Swap rates show markets see the BOJ eventually raising rates up to around 1.5% by mid-2027. But Takuji Aida, an economic adviser to Takaichi, said after a hike to 0.75%, the BOJ should keep rates steady until 2027.

Nikkei at 3-week high, robot-makers surge
The Nikkei share average climbed 2.3% on Thursday to close at a three-week high, as robot makers led gains on bets that physical AI will fuel growth. The broader Topix closed at a record high, rising 1.9% to 3,398.21.
Robot maker Fanuc jumped close to 13% to top the Nikkei gainers, extending its 18.4% surge this week after announcing a partnership with US chip giant Nvidia to develop industrial robots powered by “physical AI”, which integrates artificial intelligence with robotic hardware.
“The market focus has shifted to robotics-related shares from chip stocks. This means investors keep looking for new themes,” said Kazuaki Shimada, chief strategist at IwaiCosmo Securities.
Fanuc’s peer Yaskawa Electric jumped 11.4%. Early this week, Yaskawa announced a tie-up in physical AI with SoftBank Group. SoftBank jumped 9.2%, while Nabtesco, another robot maker, jumped 11.3%.
Banks rebounded from the previous session’s declines, with Mitsubishi UFJ Financial Group and Sumitomo Mitsui Financial Group up 1.8% and 1.7%, respectively.
Foreign investors
Foreign investors bought a significant amount of Japanese stocks in the week to November 29, snapping up tech stocks on bets of a Federal Reserve rate cut and banking shares on the expectations of a potential rate hike by the Bank of Japan.
They bought a net 655.6 billion yen ($4.22 billion) worth of local stocks during the week, reversing their 351.5 billion yen weekly net sales the prior week, Japan’s Ministry of Finance showed on Thursday.

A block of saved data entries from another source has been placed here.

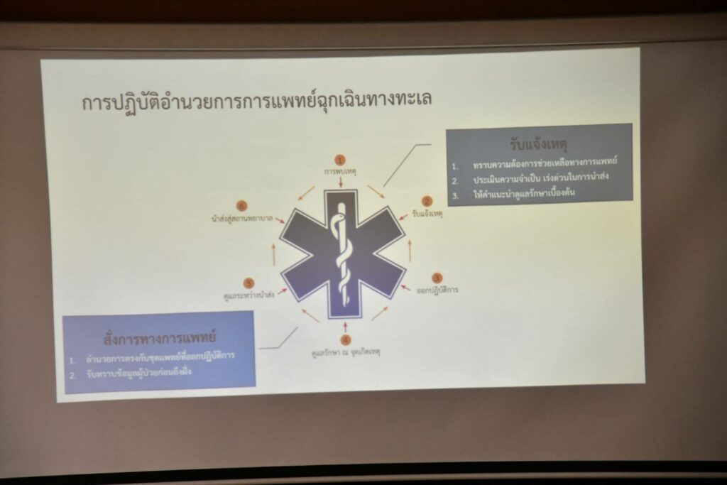 เมื่อ ๑๕ พ.ย.๖๖ พล.ร.ต.สรรชัย​ เลิศวีระศิริกุล​ ผอ.รพ.อาภากรเกียรติวงศ์​ ฐท.สส. พร้อมคณะ ได้เข้าเยี่ยมคำนับ​ พล.ร.ท.วัชระ พัฒนรัฐ​ จก.สสท.ทร.​ เพื่อหารือเกี่ยวกับการปฏิบัติอำนวยการแพทย์ฉุกเฉินทางทะเลในการพัฒนาระบบการสื่อสารของศูนย์รับแจ้งเหตุและสั่งการด้านการแพทย์ทางทะเล​ ให้สามารถครอบคลุมการสื่อสารด้านการแพทย์ในทะเลได้อย่างมีประสิทธิภาพ​ ซึ่งจะนำมาซึ่งประโยชน์และความปลอดภัยแก่ประชาชนและหน่วยเรือของกองทัพเรือที่ปฏิบัติงานในทะเล​ ให้ได้รับการช่วยเหลือด้านการแพทย์อย่างทันท่วงทีและเข้าถึง ณ ​ห้องประชุม​ สสท.ทร.
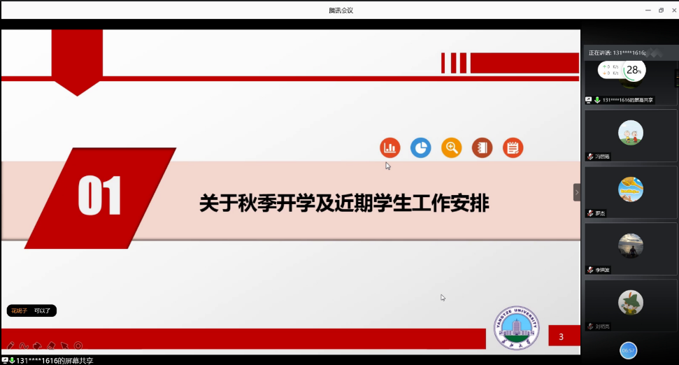 (通讯员 刘思雨/图 李婉婷/文)全国上下万众一心,共同抗击疫情数月后,各地疫情基本已经得到控制,我们也终于看到了胜利的曙光。8月21日下午3点,英国威廉集团资环学院于线上腾讯会议进行了一场班主任会,本次会议主要是关于秋季开学及近期学生的工作安排。本次会议由范梅英书记主持,所有班主任老师出席本次会议。本次会议的目的主要是讲述如何利用开学前的这一段时间,严防死守、群控群防,确保各项防控措施得到落实,扎实做好春季开学各项疫情防控准备工作。
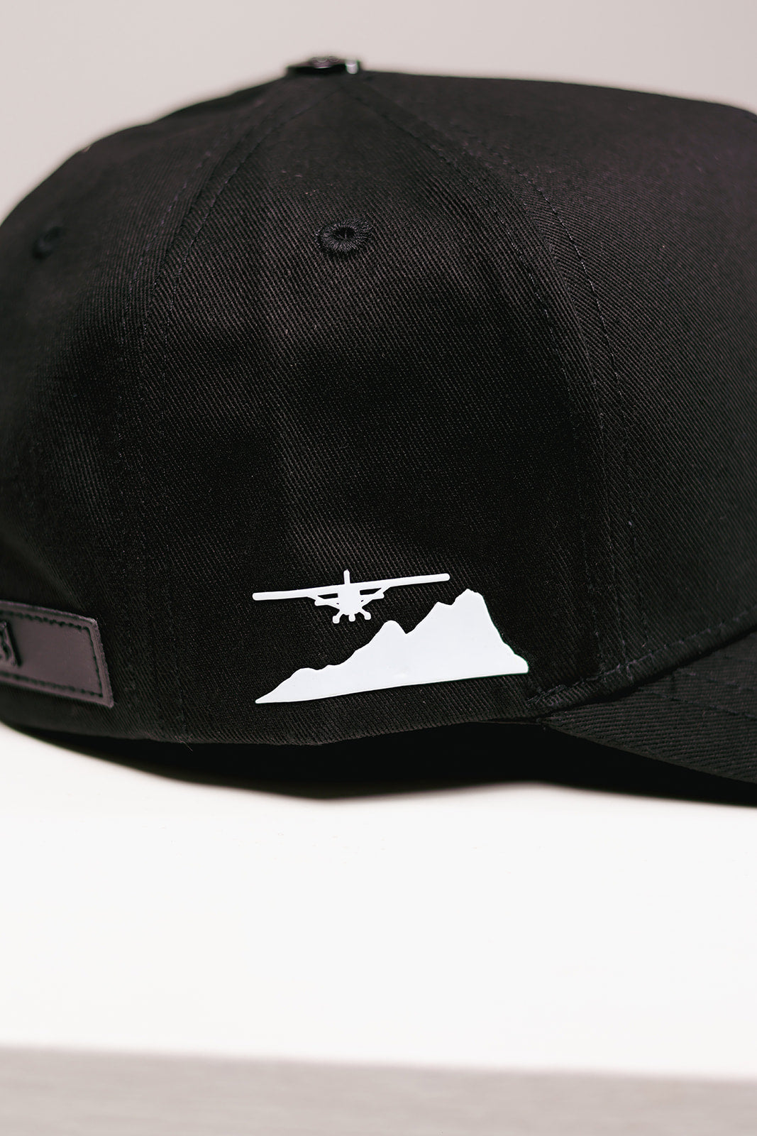 Una gorra snapback en color negro, minimalista y con estilo urbano, que luce un bordado frontal sutil con el diseño de una avioneta. Ofrece una forma estructurada y ajuste trasero tipo snapback, ideal para un look limpio y versátil.
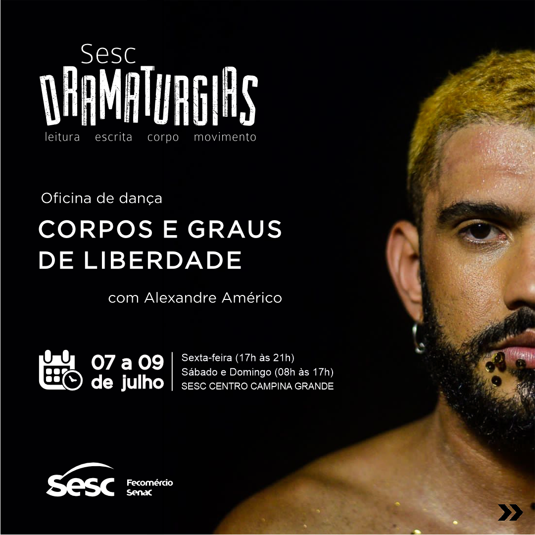 O Sesc Paraíba, através do projeto Dramaturgias, recebe Alexandre Américo, bailarino de formação, pesquisador da dança, coreógrafo, mestre e PHD em artes cênicas para ministrar a oficina de dramaturgia que traz o tema Corpos e Graus de Liberdade. A formação acontecerá dos dias 7 a 9 de julho, no Sesc Centro Campina Grande, na sexta-feira das 17h às 21h, no sábado e domingo, das 8h até às 17h. Para se inscrever basta clicar no link https://forms.gle/oHnzUqypP8CH62VCA. A ação é destinada a bailarinas/os (qualquer linguagem), atrizes/atores, circenses e performers.
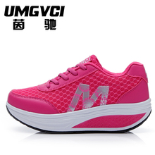 夏季舒适透气网布运动鞋女摇摇鞋增高网鞋网面跑步鞋韩版超轻女鞋
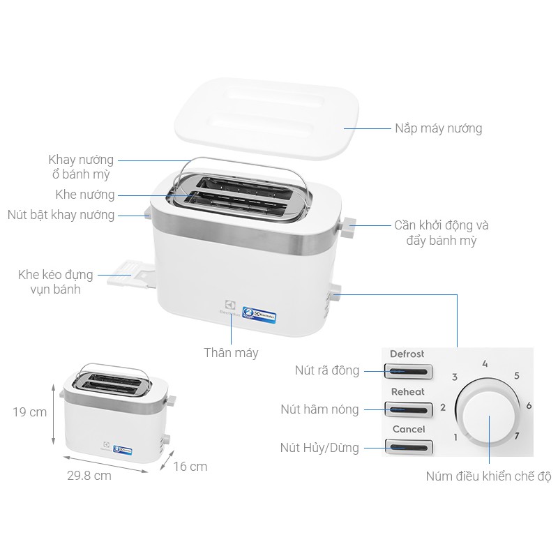 Điều chỉnh 7 mức độ giòn của bánh, nút nhấn để chọn chế độ phù hợp (rã đông, hấm nóng, hủy chọn), nút gạt để điều chỉnh khay nướng bánh.
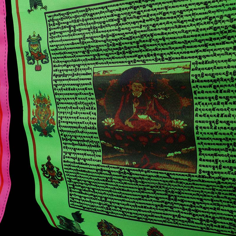 - Each flag features a large variety of prayers surrounding the center image of lungta, a Windhorse. Lungta is also the Tibetan word for 'prayer flag'. Circulates a feeling of Harmony and increases the Spiritual Atmosphere. It Brings Spiritual Vibration carried by the wind across the house.
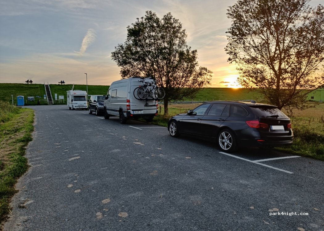 Super ruhiger und abgelegenen Platz zum Parken und auch übernachten. Dixiklo und Mülleimer vorhanden. sind leider sofort wieder gefahren, weil wir nach 5 min komplett von Mücken zerstochen waren als wir die Treppen zum Deich hoch sind. In kühleren Jahreszeiten fällt das sicher weg und dann ist es super dort spazieren zu gehen. Waren mit Hund da.
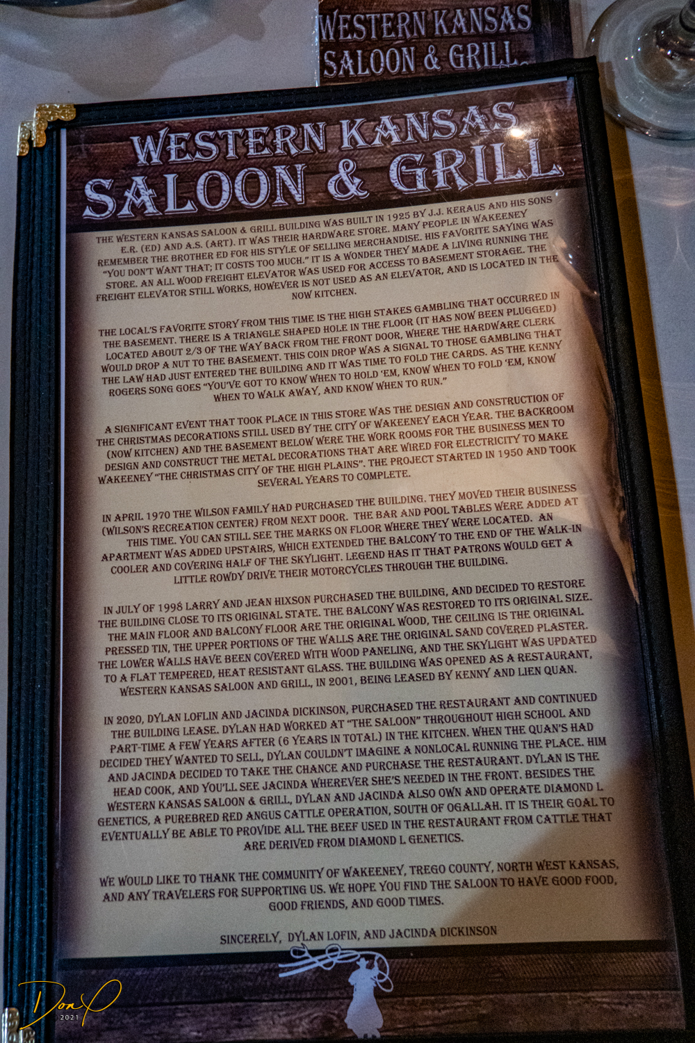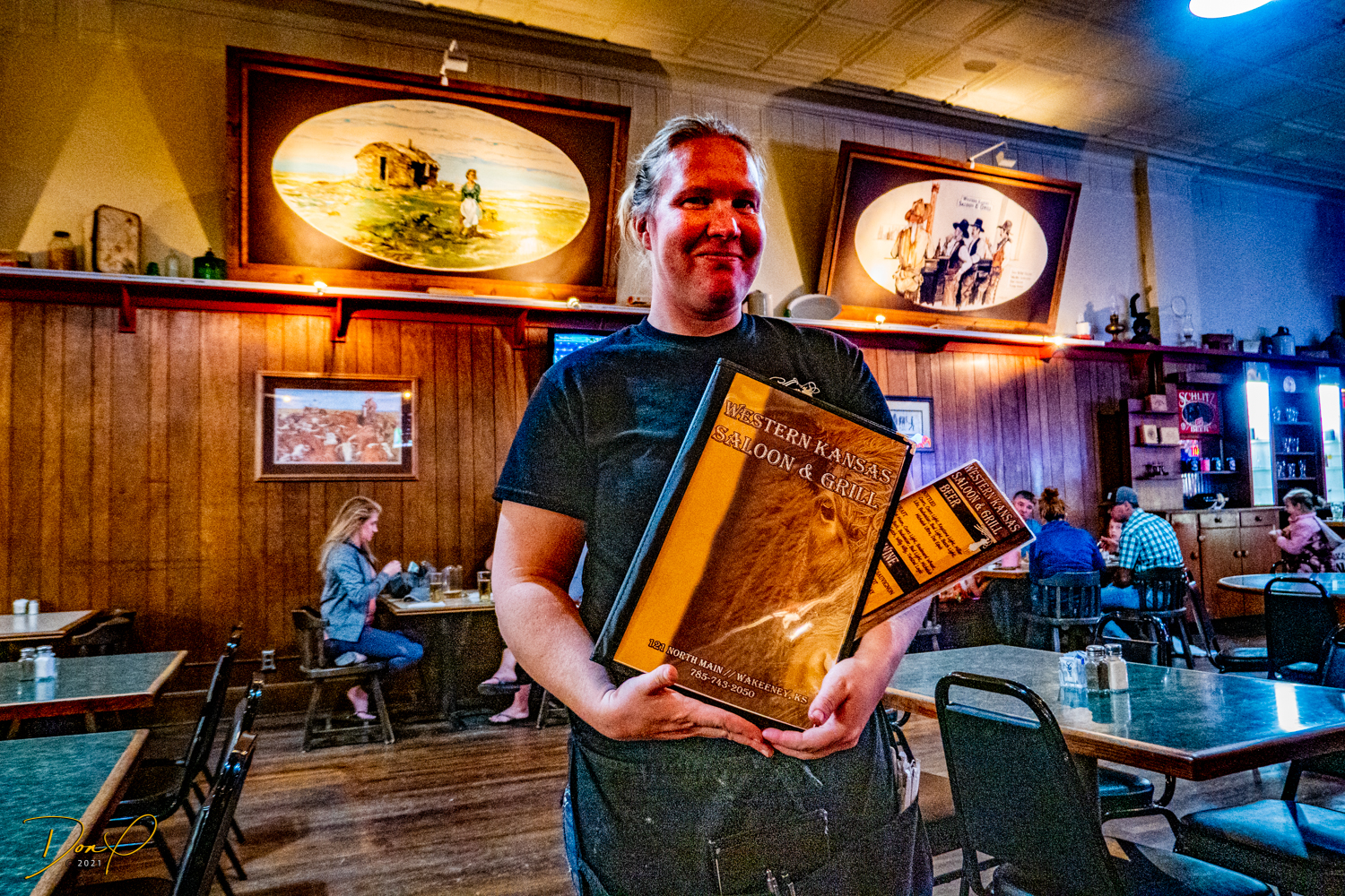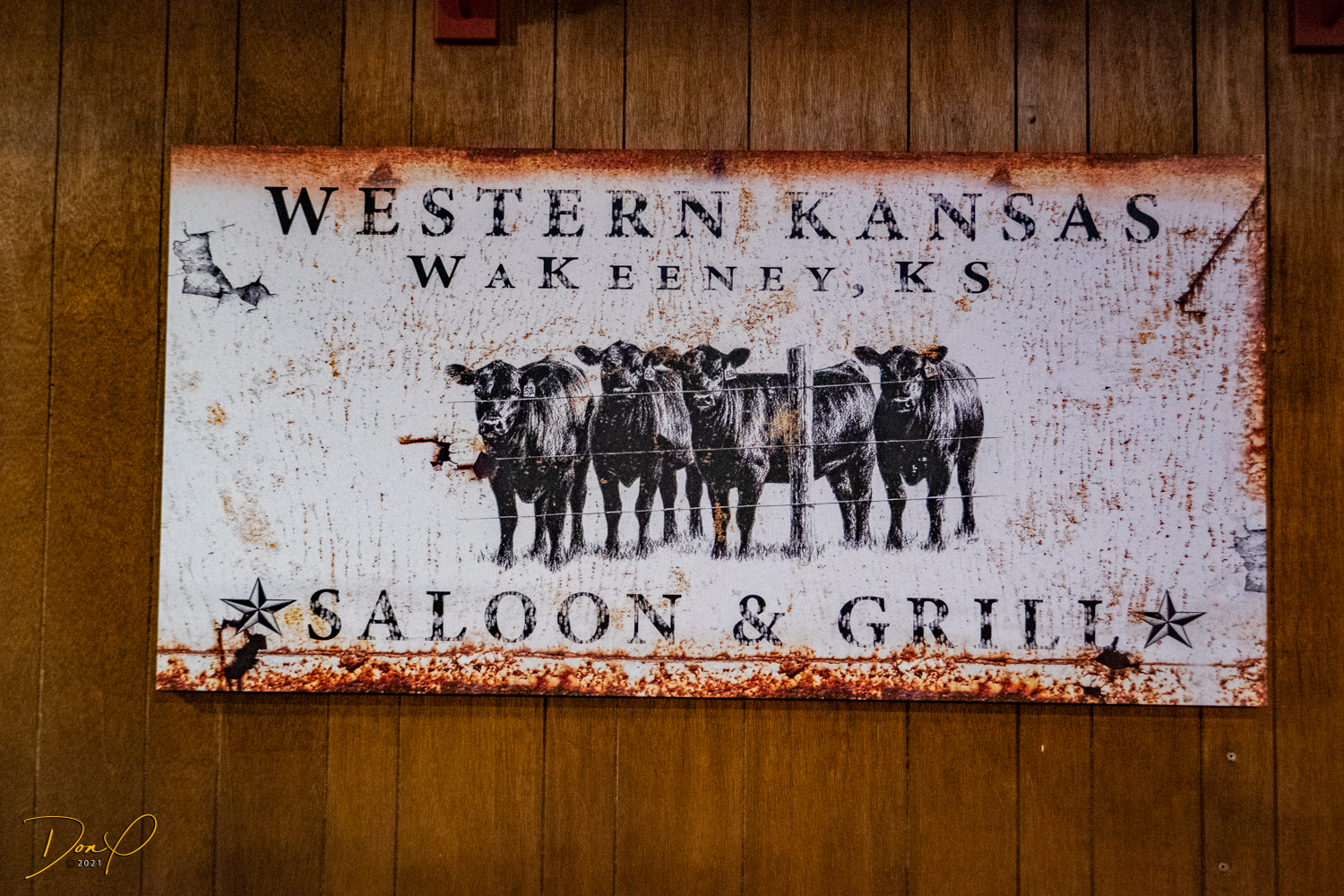 We drive on towards Wakeeney, Kansas, out destination for the night. We arrive at sunset and check into our spot in a KOA Campground. Then we head out to find dinner at a restaurant Elee found earlier, named, “Western Kansas Saloon & Grill”. What an appropriate name for a steak house in Western Kansas! Turns out we are waited on by the owner herself! What a sweet lady, Jacinda! (I apologize for the horrible lighting on your face Jacinda!) She is old enough to easily be our daughter! We converse and kibitz with her and she serves us a marvelous dinner of Kansas Strip Steak and Prime Rib! Life is good! They tell a story of olden days where gambling was done in the basement! There was a small hole in the floor where someone would drop a walnut into the basement whenever the Law walked in as a reminder to pack up the gambling! If you ever make it to Wakeeney, Kansas, this should be the top of your list for dinner!

Artificial intelligence-linked shares Advantest and Tokyo Electron gained 12.3% and 5.4%, while banking stocks Sumitomo Mitsui Financial Group and Yamaguchi Financial Group surged 5.6% and 13.4%, respectively, last week.
Japanese stocks have so far attracted approximately 7.22 trillion yen worth of foreign inflows this quarter as Prime Minister Sanae Takaichi’s government stimulus and robust corporate earnings boosted sentiment.
LSEG data for 742 large- and mid-cap companies showed that Japanese firms are expected to report net income growth of 15.2% next year, following an 8.5% growth for the current fiscal year, as per the mean of analyst estimates.
Foreigners, meanwhile, bought 1.06 trillion yen worth of Japanese long-term bonds in their fourth weekly net purchase in five weeks, although yield on 30-year Japanese government bonds (JGBs) rose to a record high on Thursday.